She has set-out on a curative mission

She has set-out on a curative mission

Anju Gupta finds healing through Su Jok more satisfying in life beyond all else,
finds-out Uzma Talha

Anju Gupta has expertly juggled many different roles in life. For the longest time she was a busy homemaker, a part-time social worker and an active Army wife. But it is her work as a proficient Su Jok healer that has given her the greatest satisfaction. According to her, nothing can compare to the feeling of joy she gets when she is able to help someone overcome years of ill-health and get to lead a normal life.

Su Jok

Gupta was introduced to Su Jok therapy entirely by chance. It was renowned Delhi-based Su Jok healer Bhupinder Kaur – Gupta describes her as “mentor, friend, guide and teacher” – who opened this new world of healing to her.

For the uninitiated, here’s what Su Jok is all about: ‘Su’ means hands and ‘Jok’, feet. So this therapy essentially advocates restoring good health by simply applying pressure on a patient’s hands and feet. It is a part of Onnuri Medicine, a system of treatment comprising a variety of techniques to prevent and cure illnesses without administering medicines.

With the use of colours, seeds, and magnets, Su Jok therapy opens blocked channels of energy in the human body thereby improving the energy flow and blood circulation in the affected area. Evolved by the eminent South Korean scholar and scientist of oriental therapy, Prof Park Jae Woo, Su Jok is considered one of the safest and simplest forms of alternate medicine. In fact, according to Gupta, it has a success rate of anywhere between 40 to 100 per cent.

Alternative medicine

Sitting in her large, airy clinic in a leafy part of Lucknow, Gupta elaborates on the basic principles of Su Jok, “All diseases in the human body occur primarily because of imbalances of the energies acting on the mind and body. It is, therefore, necessary that a correct balance of these forces is created. A number of micro points on the hands and feet are used to treat the diseased organ.” She adds that the hand is like a photocopy of the human body: most health conditions are diagnosed by analysing the pressure points on the hand.

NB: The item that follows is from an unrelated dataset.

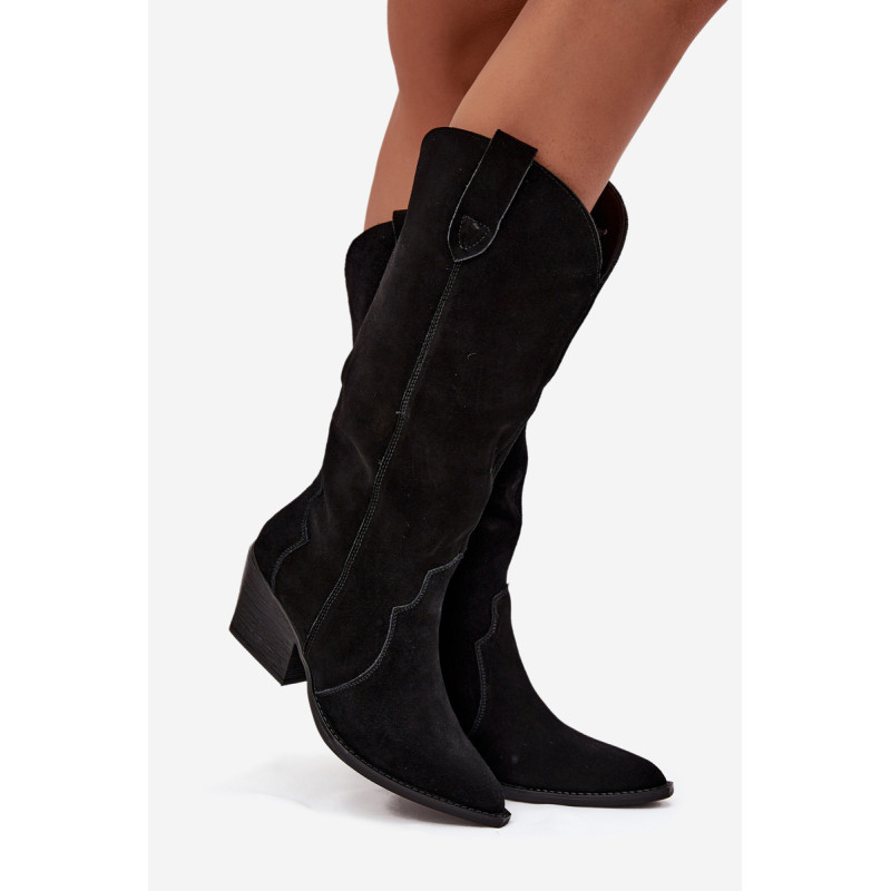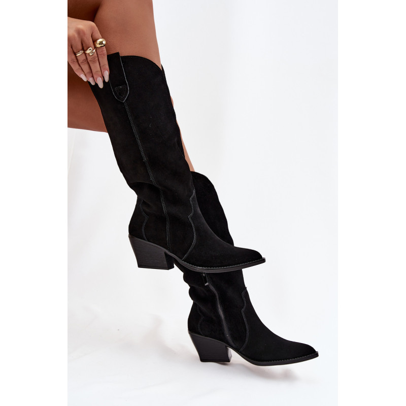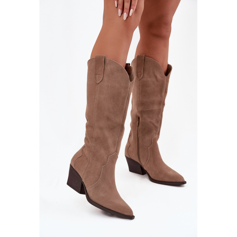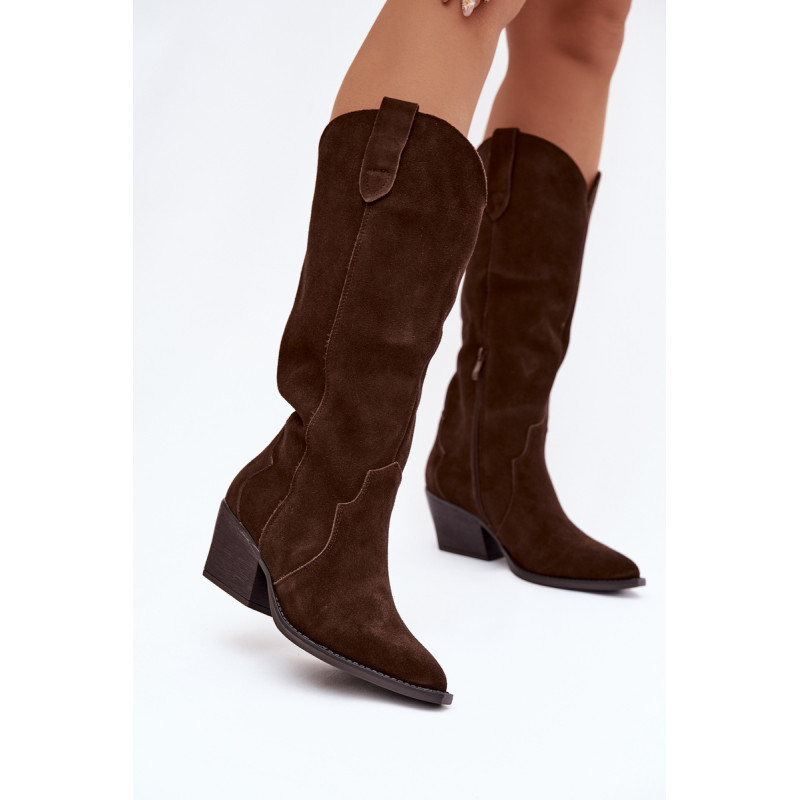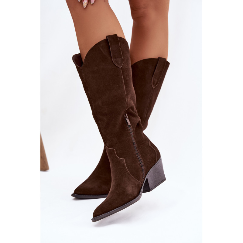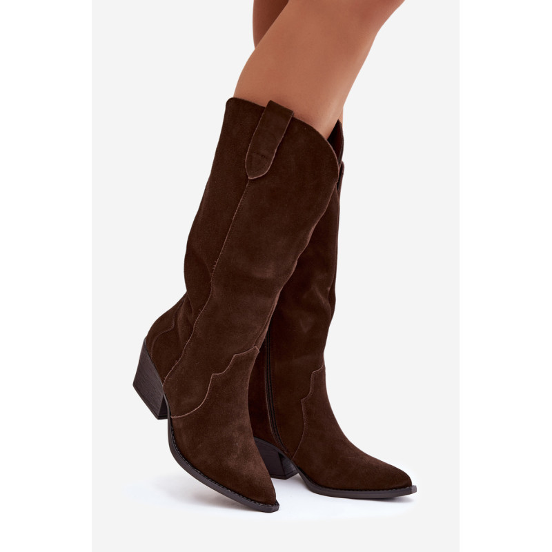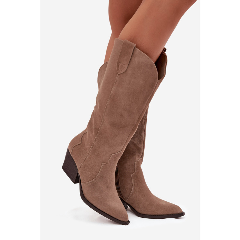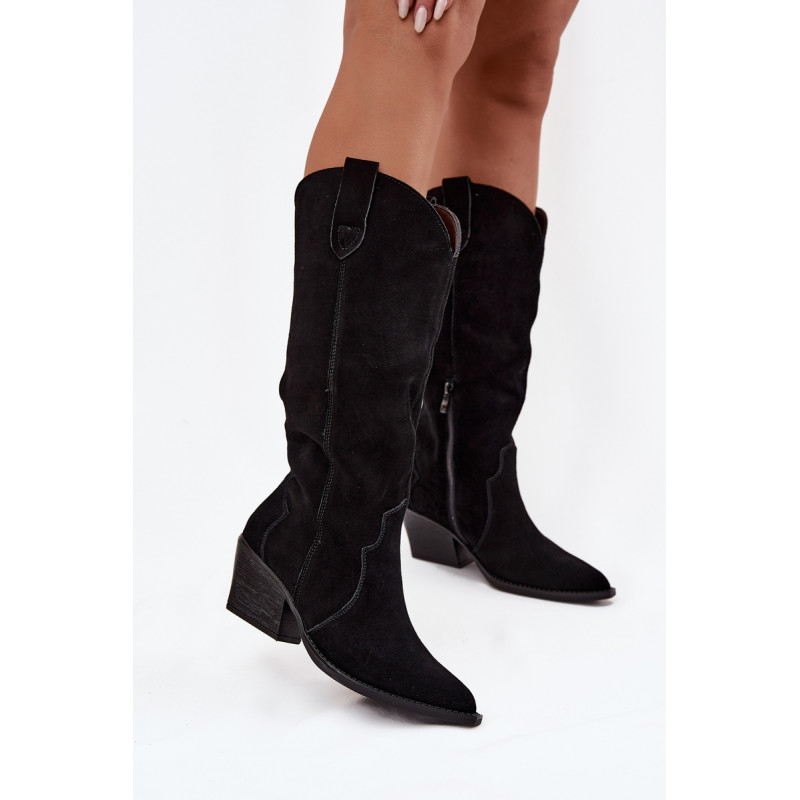 Aukštos kokybės natūralaus zomšaus kaubojų bateliai yra puikus pasirinkimas moterims, vertinančioms eleganciją ir madingą stilių. Jų unikalus dizainas, įkvėptas vakarietiško stiliaus, daro juos išskirtiniu kiekvieno įvaizdžio elementu. Modelis su lengvu įsispėjimu ir užtrauktuku apatinėje blauzdos dalyje, palengvina užsidėjimą ir nusiėmimą, išlaikant elegantišką siluetą. Sumontuoti ant stabilios, šiek tiek siaurėjančios kulnos, jie užtikrina patogumą vaikščiojant ir subtiliai ilginą kojas, suteikdami figūrai lengvumo. Aštrios nosys pabrėžia moterišką avalynės charakterį ir suteikia jai elegantišką išvaizdą. Batų vidus išklotas minkšta pamušalu, kuris garantuoja šiluminį komfortą net ir šaltesnėmis dienomis. Puikiai tinka derinti su suknelėmis, sijonais ir siaurais džinsais. Renkantis dydį, prašome vadovautis dydžių lentele. Renkantis dydį, vadovaukitės dydžių lentele.

A significant advantage of Su Jok is that it can be done along with other more mainstream medical treatment. “While this therapy removes the disease from the root, permanently, it can be done along with any other course of treatment. Also, it has no side effects,” assures the reputed healer, who has been awarded with the Bronze Medal by International Su Jok Association, Moscow, in 2011.

Free healing

Over the years, Gupta has been catering to patients of all age groups – she has treated over 5000 people and trained around 260 students to become Su Jok practitioners. “I have been able to get fairly good results for most ailments. I am happy with the positive results while treating children with neurological problems, and those suffering from skin conditions such as psoriasis and leucoderma,” she says.

Incidentally, Gupta provides treatment to her patients free-of-charge.

She says, “With the escalating costs of health care, such therapies are one of the most effective mediums of social outreach. It definitely reduces the dependency on medicines and allows the auto repair system of the body to take over.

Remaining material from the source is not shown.